**PROBLEM REQUIREMENTS**
Here the job is to transcribe the data verbatim while leaving each picture out.

**DATASET SECTION**

===

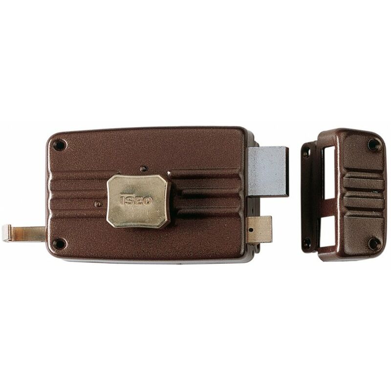 Serratura da applicare. Pomolo interno, cilindro esterno staccato, scrocco separato, 3 chiavi. Art. 401
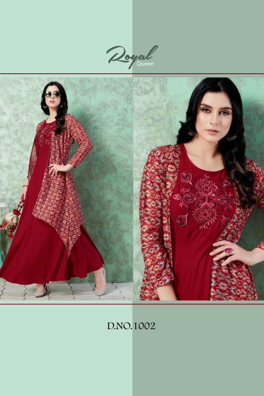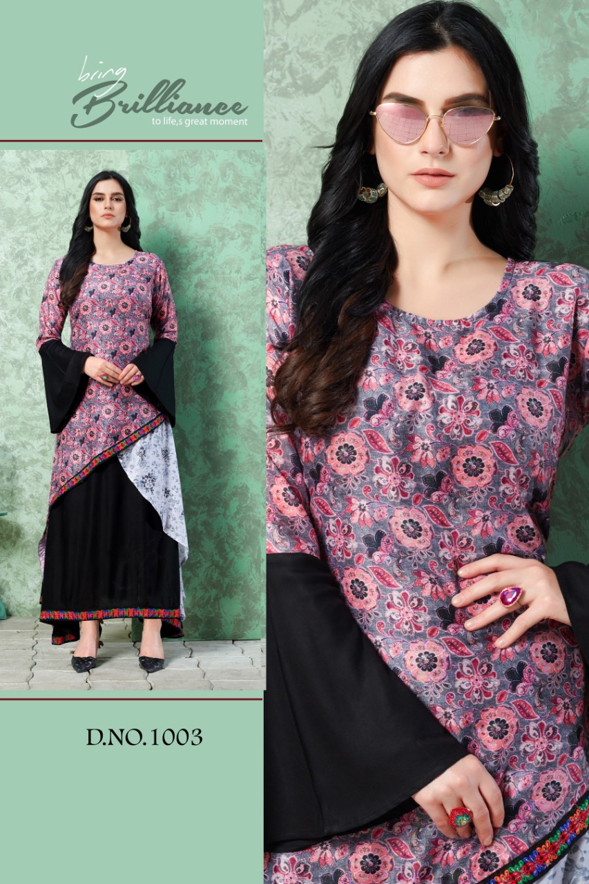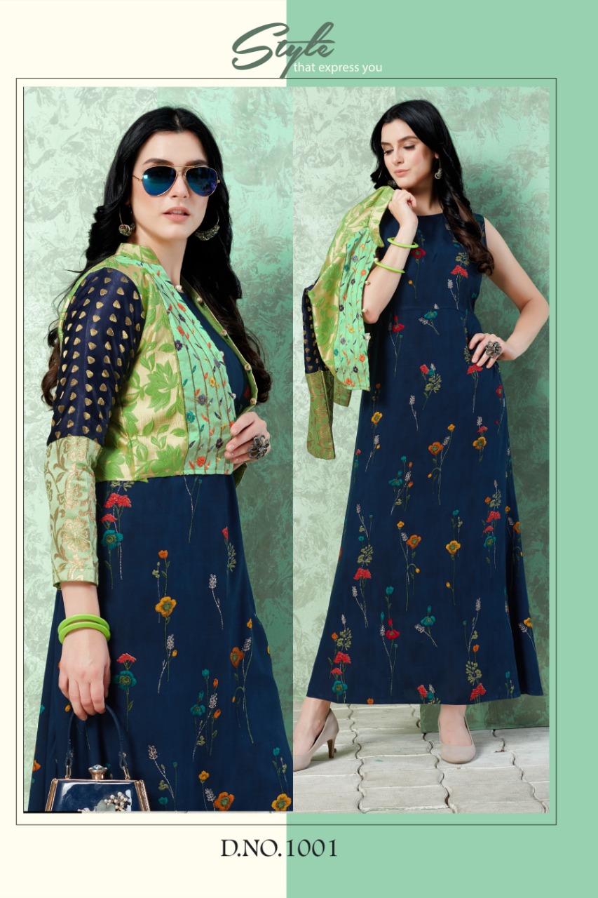 Catalogue name - Elissa Moq - 3 Size - 42" (margin 2 inch extra) ⚡Length - 52" Fabric :- 1⃣ D.N 1001 - kurti rayon premium + koti banglori silk and jackard 2⃣ D.N 1002 - kurti rayon dyed 14 kg + koti muslin digital print 3⃣ D.N 1003 - rayon 14 kg dyed + muslin digital print + work lace Additional - 3 to 4 mtr flare Price per pcs - 899 +GST High quality guaranteed Regards Vee Fab India |
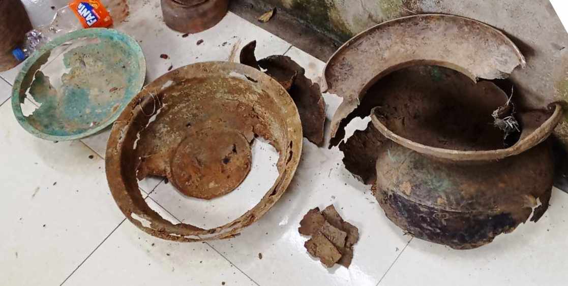 Thanh kiếm mới khai quật ở Lương Nội, Bá Thước, Thanh Hóa cùng nồi mâm, bát đồng và vòng tai đá, thủy tinh, chuỗi mã não (ảnh do chủ nhân cung cấp)

===

**EXERCISE ANSWER**
 Serratura da applicare. Pomolo interno, cilindro esterno staccato, scrocco separato, 3 chiavi. Art. 401
 Catalogue name - Elissa Moq - 3 Size - 42" (margin 2 inch extra) ⚡Length - 52" Fabric :- 1⃣ D.N 1001 - kurti rayon premium + koti banglori silk and jackard 2⃣ D.N 1002 - kurti rayon dyed 14 kg + koti muslin digital print 3⃣ D.N 1003 - rayon 14 kg dyed + muslin digital print + work lace Additional - 3 to 4 mtr flare Price per pcs - 899 +GST High quality guaranteed Regards Vee Fab India |
 Thanh kiếm mới khai quật ở Lương Nội, Bá Thước, Thanh Hóa cùng nồi mâm, bát đồng và vòng tai đá, thủy tinh, chuỗi mã não (ảnh do chủ nhân cung cấp)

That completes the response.